Amazon Web Services next week will host its second customer conference, which is sure to grab headlines and be the center of cloud industry discussion. But, as Amazon continues its run leading the IaaS market, Microsoft has slowly but surely been building up its Windows Azure cloud with the intention of giving AWS a run for its money.
Microsoft has been adding features to its cloud at an impressive pace in an effort to bring it up to par with AWS. It's caught the attention of industry watchers, including ones who aren't afraid to throw punches. James Urquhart, director of Dell's cloud management product and an industry pundit, recently tweeted the following:
I have to say, however, that Microsoft continues to quietly build a compelling case for Azure for the enterprise.
Here's some of the news out of Redmond in recent weeks:
- Virtual machine enhancements including the preview of a distributed cache system, which allows customers to use cached versions of applications or VMs to improve scalability and performance; and schedule-based auto-scaling.
- The rollout of Windows Azure multi-factor authentication for services such as VPNs, web applications, Azure, Office 365 and application features such as enhanced service bus for messaging across hosted applications, and push notification capabilities.
- GA of HDInsights: This is an Apache Hadoop-based big data analytics platform that gives Microsoft a BI tool to compete with Amazon Web Services' Elastic Map Reduce (EMR) and Google's BigQuery. Read more.
- Automatic backup to Windows Azure: Backup and recovery is a natural use case for cloud computing, and Azure recently rolled out automatic backups from within Windows Sever and Systems Center, and have the files backed up directly into Azure.
- Plans to create a dedicated public cloud for federal government workloads.
- Preview of Import/Export storage: This allows customers to ship large amounts of data in encrypted hard disk drives via FedEx to avoid them traveling over public Internet connections. More here.
One of the strengths of Amazon Web Services' cloud is its massive marketplace of products and services that are optimized to run on top of AWS IaaS. Microsoft is starting to build that up too. KEMP Technologies, for example, recently came out with what it calls the first third-party load balancer in Azure. Cloud Cruiser rolled out monitoring and optimization tools for Azure workloads. Charito, an analytics and BI tool, added support for analyzing data stored in Azure. And EVault just ran a promotion to offer backup of data stored on premises that is linked to applications hosted in Azure.

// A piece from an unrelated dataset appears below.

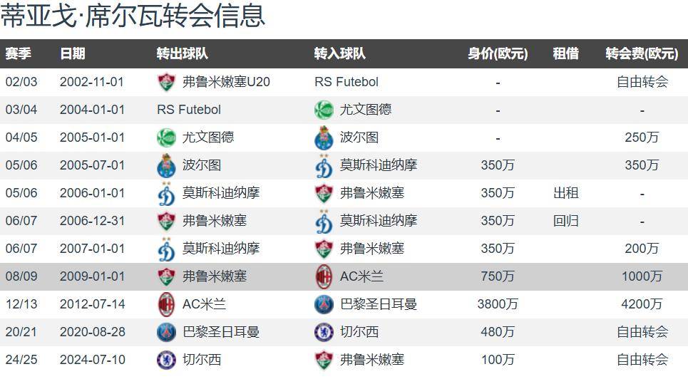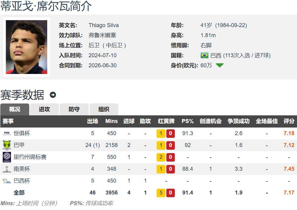 ในวัย 41 ปี ติอาโก้ ซิลวา ยังคงอยู่ในฟอร์มที่ยอดเยี่ยม โดยลงเล่นให้กับฟลูมิเนนเซ่ไปแล้ว 46 นัดในทุกรายการในฤดูกาลนี้ ทำได้ 4 ประตูและ 1 แอสซิสต์ระหว่างอาชีพในยุโรปของเขา ติอาโก้ ซิลวา ได้เล่นให้กับ เอซี มิลาน, ปารีส แซงต์-แชร์กแมง และเชลซี โดยคว้าแชมป์ยูฟ่า แชมเปียนส์ลีก กับทีมสิงห์บลูส์ในฤดูกาล 2020-21 ปัจจุบันมีมูลค่าอยู่ที่ 600,000 ยูโรบน Transfermarkt นักเตะชาวบราซิลผู้มากประสบการณ์ยังคงมุ่งมั่นที่จะเป็นตัวแทนประเทศของเขาในฟุตบอลโลกปี 2026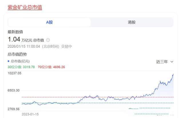 在这样的市场浪潮中,紫金矿业于今年1月初迎来爆发:单日股价涨幅超6%,市值一度冲破万亿整数关口。回望2025年,该公司股价全年飙升135.77%,市值较年初激增5258亿元,更创下连续6年股价上扬的纪录,累计涨幅已超10倍之多。

Microsoft is also making in-roads in open source world. Dell and SUSE recently announced support for Microsoft's Hyper-V virtualization platform in the latest edition of SUSE's OpenStack distro. Ubuntu's Juju management platform, which lets customers create customized workflow processes, had added support for Azure services. And Microsoft's biggest pivot in the open source world for Azure occurred last year when it opened Azure up to offering Linux-based virtual machines in its IaaS.